Они с Дмитрием пошли медленно по залам. Не видевшиеся месяца три, они разговаривали обо всём подряд: о коронации, о том, что Дима определился слушателем в Николаевскую академию Генерального штаба, о ведущейся перестройке Гатчинского дворца, на которую натыкаешься на каждом шагу. Император Александр велел осовременить канализацию, систему отопления — с печной на калориферную — провести по максимуму электричество. Он создавал все удобства себе и семье.

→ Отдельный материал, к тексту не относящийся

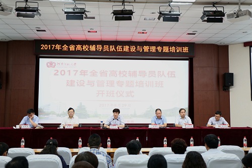 8月29日至31日,2017年全省高校辅导员队伍建设与管理专题培训班在我校举办。省委高校工委专职副书记、省教育厅党组副书记郑邦山,省教育厅思想政治工作处处长李培俊、我校副校长李雪山、校工会主席岳杰勇出席开班仪式。来自全省126所高校的党委研工部部长、学工部副部长、学生处副处长参加本次培训班。

— Он такой чуткий супруг! Удивительно, — делилась Ольга, — такой большой и грозный на вид, но, когда заходит к её величеству, первым делом замечает что-нибудь вроде: «Минни, тебе не дует?». Если бы все мужья были такими!
— Может быть, всё зависит от жены? — подмигнул Дмитрий.
— Да? И что же она такого должна делать, чтобы муж трепетно любил её?
— Не знаю, Оля, я ведь не женат и даже не влюблён. Спроси у её величества.
— Что ты! Мы с ней не настолько близки.
— Тогда выйди замуж — и узнаешь.
Лицо Ольги потемнело. По привычке поджав губы, когда напрягалась, она поймала себя на этом и постаралась расслабиться.
— Ты прекрасно знаешь, что я собиралась.